::: Data to use
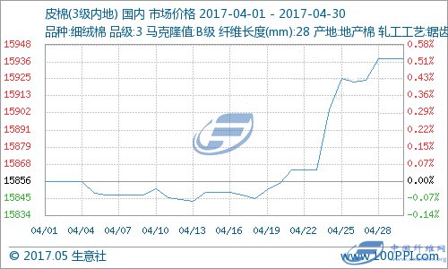 从纺织行业来看,内外贸利好数据但持续度有待考证,且供给过剩、订单下降以及大宗商品市场整体弱势等因素困扰,预计5月棉花价格稳中偏暖,价格有望维持在16000元/吨上方运行。
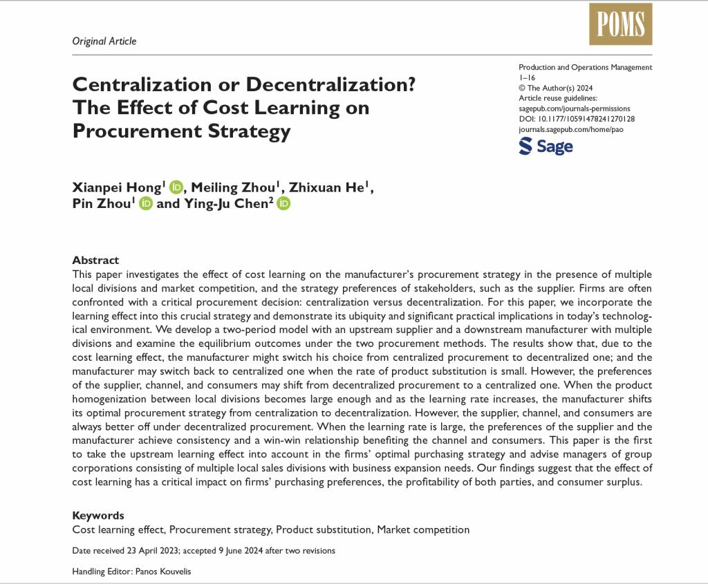 近日,我院洪宪培教授、周品副教授、博士生周美伶、硕士生何芷璇与香港科技大学陈滢儒教授合作撰写的论文“Centralization or Decentralization? The Effect of Cost Learning on Procurement Strategy”发表于国际顶级管理学期刊UTD 24期刊Production and Operations Management。该研究得到了国家自然科学基金、香港研究资助局的资助。
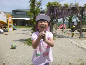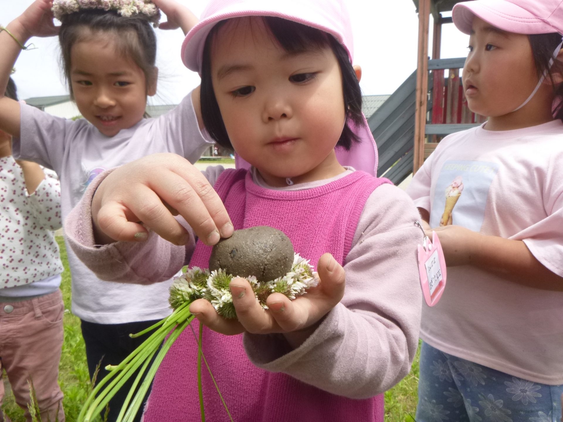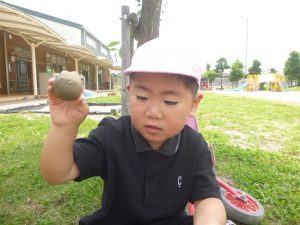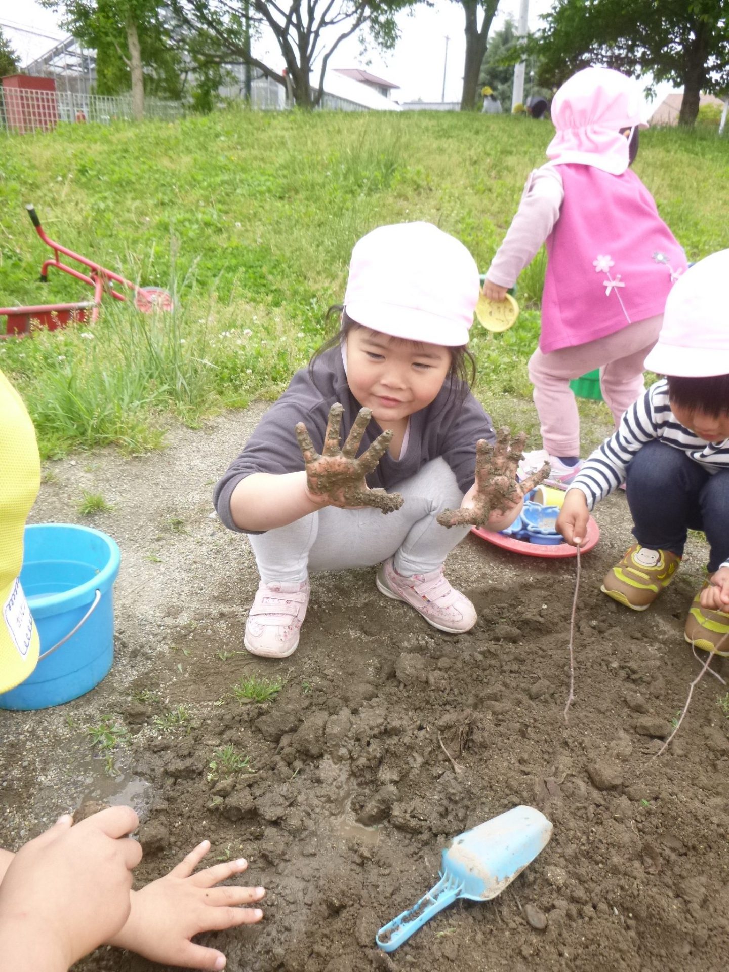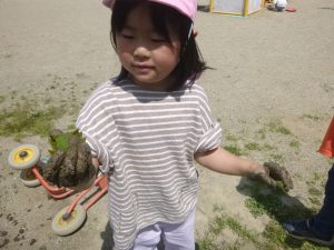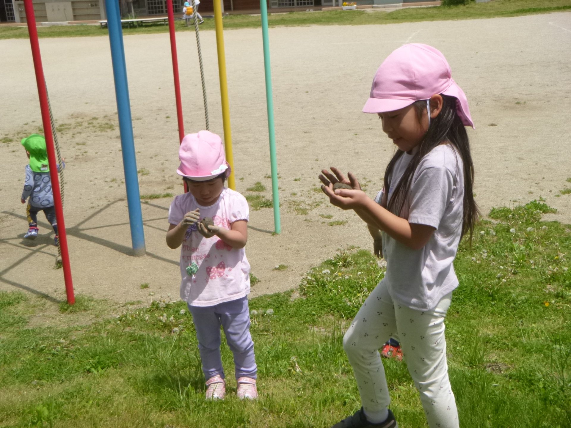 作る過程で泥だんごにヒビが入ってしまったり、水を入れすぎベチャベチャになってしまったり‥と、苦戦する姿もありましたが、その都度考えてやってみようとする姿が見られました。
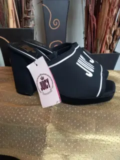 Sandalias de tacón Juicy Couture. Sandalias de tacón ancho de 11cm, tela elástica q abraza bien el pie para caminar cómodamente, nuevos, #25, físicamente están más lindos q en las fotos!!
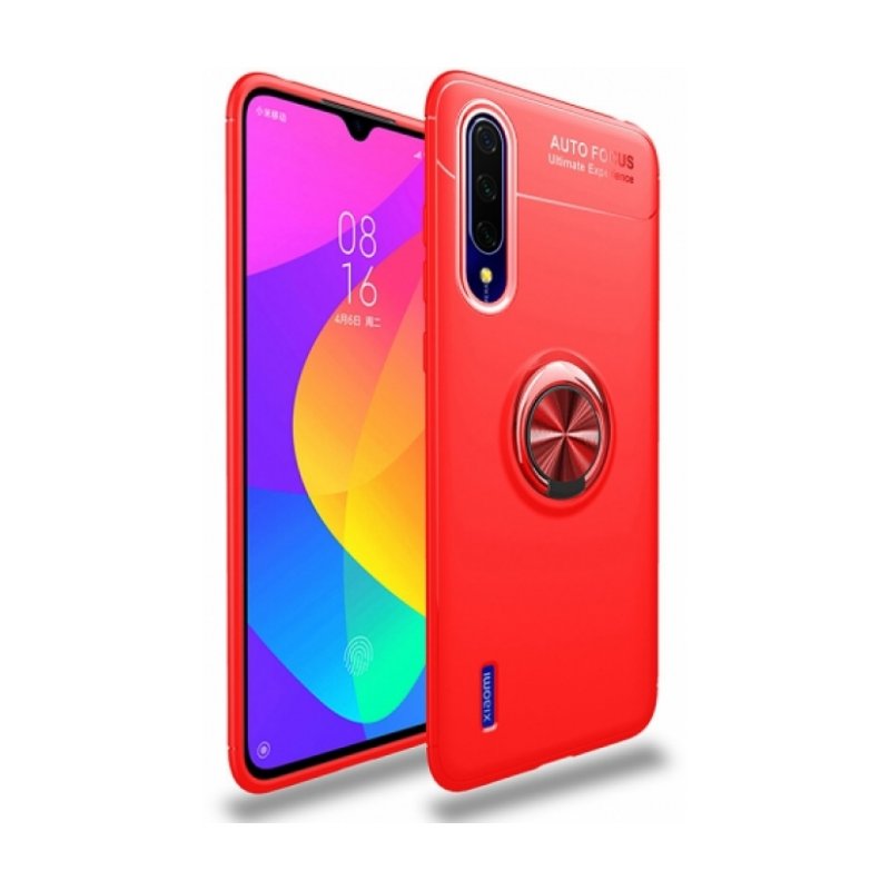 Xiaomi Mi 9 Lite Kılıf Renkli Silikon Yüzüklü Standlı Auto Focus Ravel Kapak - Kırmızı
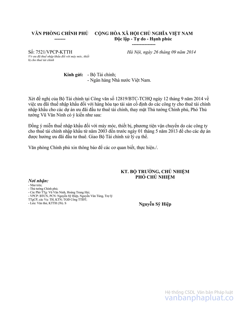Để thống nhất trong việc xử lý thuế nhập khẩu đối với hàng hóa là máy móc, thiết bị, phương tiện vận chuyển của các Công ty cho thuê tài chính nhập khẩu để cho các dự án ưu đãi đầu tư thuê tài chính, căn cứ Luật Thuế xuất khẩu, thuế nhập khẩu số 45/2005/QH11, Nghị định số 16/2001/NĐ-CP ngày 02/5/2001 của Chính phủ, công văn số 7521/VPCP-KTTH ngày 26/9/2014 của Văn phòng Chính phủ thông báo ý kiến của Phó Thủ tướng Vũ Văn Ninh về việc ưu đãi thuế nhập khẩu đối với máy móc, thiết bị cho thuê tài chính, Bộ Tài chính hướng dẫn về chính sách thuế đối với các Công ty cho thuê tài chính như sau:
::::::
### Problem to solve
Copy out the entries exactly. No pictures.

### Your response
 从纺织行业来看,内外贸利好数据但持续度有待考证,且供给过剩、订单下降以及大宗商品市场整体弱势等因素困扰,预计5月棉花价格稳中偏暖,价格有望维持在16000元/吨上方运行。
 近日,我院洪宪培教授、周品副教授、博士生周美伶、硕士生何芷璇与香港科技大学陈滢儒教授合作撰写的论文“Centralization or Decentralization? The Effect of Cost Learning on Procurement Strategy”发表于国际顶级管理学期刊UTD 24期刊Production and Operations Management。该研究得到了国家自然科学基金、香港研究资助局的资助。
 作る過程で泥だんごにヒビが入ってしまったり、水を入れすぎベチャベチャになってしまったり‥と、苦戦する姿もありましたが、その都度考えてやってみようとする姿が見られました。
 Sandalias de tacón Juicy Couture. Sandalias de tacón ancho de 11cm, tela elástica q abraza bien el pie para caminar cómodamente, nuevos, #25, físicamente están más lindos q en las fotos!!
 Xiaomi Mi 9 Lite Kılıf Renkli Silikon Yüzüklü Standlı Auto Focus Ravel Kapak - Kırmızı
Để thống nhất trong việc xử lý thuế nhập khẩu đối với hàng hóa là máy móc, thiết bị, phương tiện vận chuyển của các Công ty cho thuê tài chính nhập khẩu để cho các dự án ưu đãi đầu tư thuê tài chính, căn cứ Luật Thuế xuất khẩu, thuế nhập khẩu số 45/2005/QH11, Nghị định số 16/2001/NĐ-CP ngày 02/5/2001 của Chính phủ, công văn số 7521/VPCP-KTTH ngày 26/9/2014 của Văn phòng Chính phủ thông báo ý kiến của Phó Thủ tướng Vũ Văn Ninh về việc ưu đãi thuế nhập khẩu đối với máy móc, thiết bị cho thuê tài chính, Bộ Tài chính hướng dẫn về chính sách thuế đối với các Công ty cho thuê tài chính như sau:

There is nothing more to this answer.